**Information provided**
=== Begin Enclosure ===

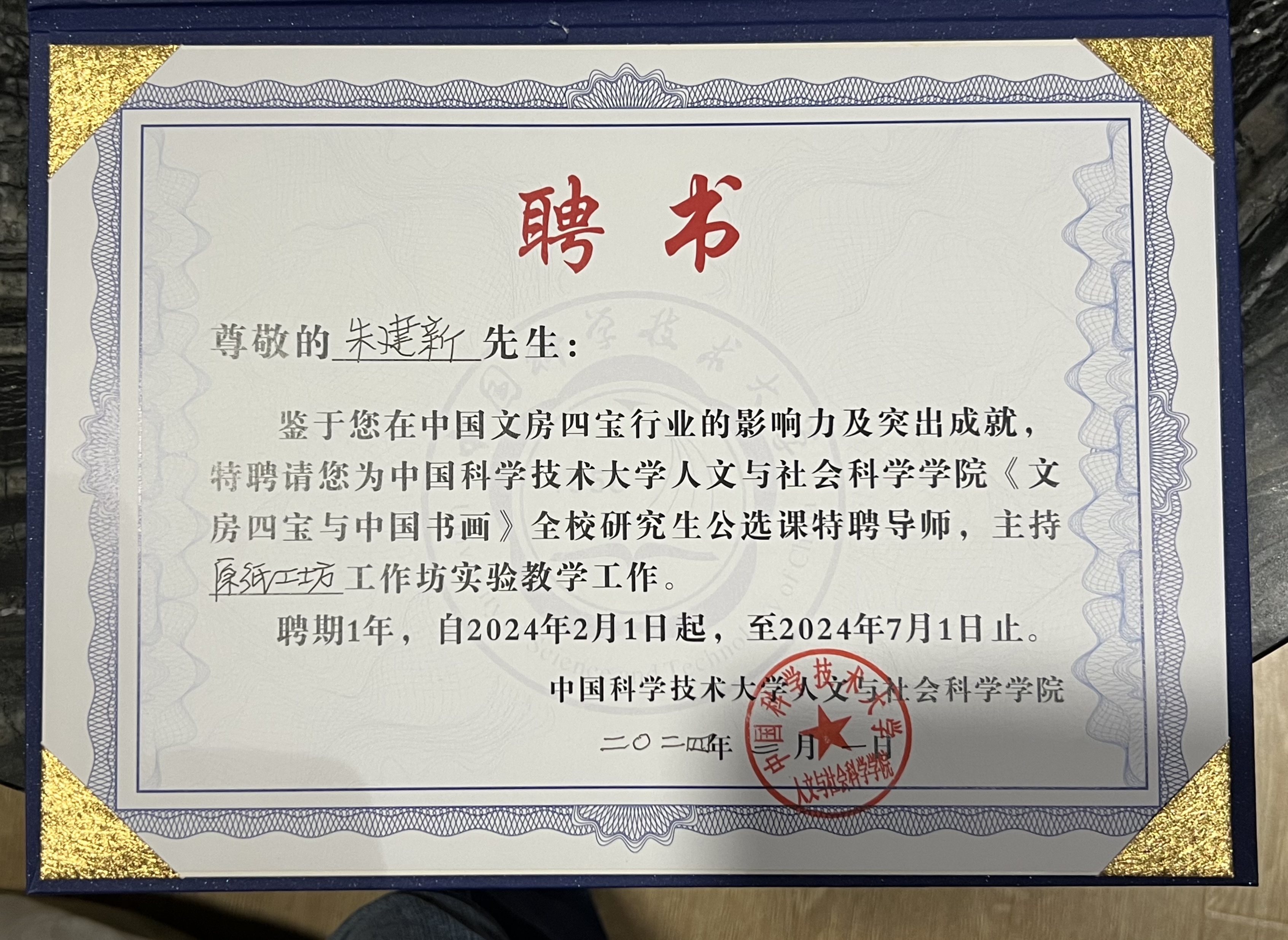 2020年公司實(shí)現(xiàn)了文化類規(guī)上企業(yè),迄今已申請(qǐng)了15項(xiàng)發(fā)明專利,19項(xiàng)實(shí)用新型專利,其中已授權(quán)發(fā)明專利3項(xiàng),實(shí)用新型專利11項(xiàng);2022年,公司為北京第24屆冬季奧運(yùn)會(huì)提供楮皮紙和紀(jì)念品,非遺傳承人朱建新被授予北京2022年冬季奧會(huì)參與證書,以感謝第24屆冬奧會(huì)取得圓滿成功做出的貢獻(xiàn)。2022年-2024年,朱建新被中國(guó)科技大學(xué)聘為《中國(guó)筆墨紙硯》全校公選課特聘導(dǎo)師;2023年,朱建新獲省級(jí)非遺傳承人稱號(hào)、“黃山工匠”稱號(hào)。
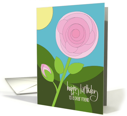 Celebrate your dear friend's June birthday by giving them this lovely pink rose card this year. The rose is the monthly flower for June and this beautiful floral card, with its hand lettered light pink wording of "Happy Birthday to a Dear Friend", makes the card a wonderful way to celebrate your friend's birthday. The rose diagonally crosses the card, with a round sun in the upper left corner. The petals of the pink rose are concentric, darkening as they near the center of the flower. A tiny blossom opens part way up the stem. The inside wording of the card says "Have a wonderful day!"
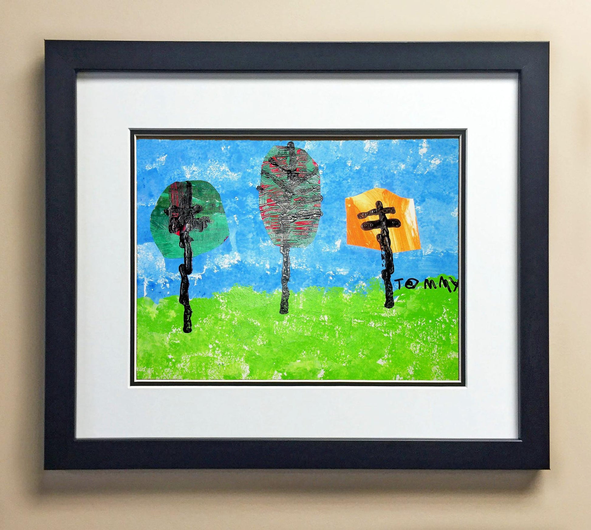 Included with the purchase is the Students Artwork, Frame, double matboard, shatter proof plexiglass, and a ready to hang backerboard with turnbuttons
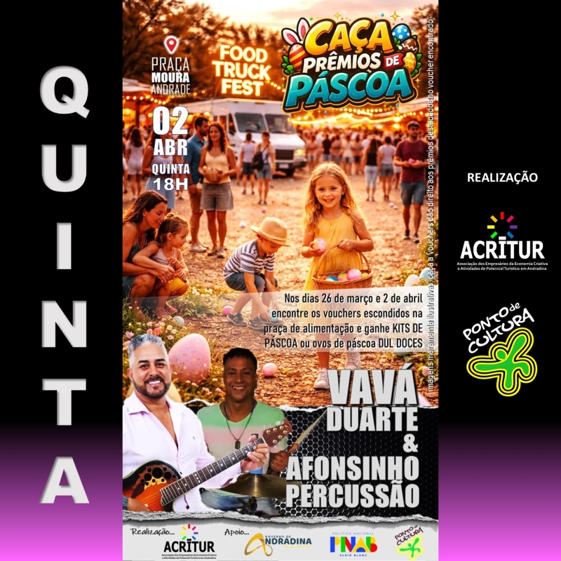 A programação começa no dia 2 de abril com show de Vavá Duarte e Afonsinho da Percussão. Na mesma data, haverá uma atração especial voltada ao público infantil: uma caça de prêmios de Páscoa, onde as crianças poderão procurar presentes escondidos pela praça, tornando a experiência ainda mais divertida.

=== End Enclosure ===

**Task goal**
A word-for-word restatement of all the lines above is needed, with the pictures omitted.

**Solution to this problem**
 2020年公司實(shí)現(xiàn)了文化類規(guī)上企業(yè),迄今已申請(qǐng)了15項(xiàng)發(fā)明專利,19項(xiàng)實(shí)用新型專利,其中已授權(quán)發(fā)明專利3項(xiàng),實(shí)用新型專利11項(xiàng);2022年,公司為北京第24屆冬季奧運(yùn)會(huì)提供楮皮紙和紀(jì)念品,非遺傳承人朱建新被授予北京2022年冬季奧會(huì)參與證書,以感謝第24屆冬奧會(huì)取得圓滿成功做出的貢獻(xiàn)。2022年-2024年,朱建新被中國(guó)科技大學(xué)聘為《中國(guó)筆墨紙硯》全校公選課特聘導(dǎo)師;2023年,朱建新獲省級(jí)非遺傳承人稱號(hào)、“黃山工匠”稱號(hào)。
 Celebrate your dear friend's June birthday by giving them this lovely pink rose card this year. The rose is the monthly flower for June and this beautiful floral card, with its hand lettered light pink wording of "Happy Birthday to a Dear Friend", makes the card a wonderful way to celebrate your friend's birthday. The rose diagonally crosses the card, with a round sun in the upper left corner. The petals of the pink rose are concentric, darkening as they near the center of the flower. A tiny blossom opens part way up the stem. The inside wording of the card says "Have a wonderful day!"
 Included with the purchase is the Students Artwork, Frame, double matboard, shatter proof plexiglass, and a ready to hang backerboard with turnbuttons
 A programação começa no dia 2 de abril com show de Vavá Duarte e Afonsinho da Percussão. Na mesma data, haverá uma atração especial voltada ao público infantil: uma caça de prêmios de Páscoa, onde as crianças poderão procurar presentes escondidos pela praça, tornando a experiência ainda mais divertida.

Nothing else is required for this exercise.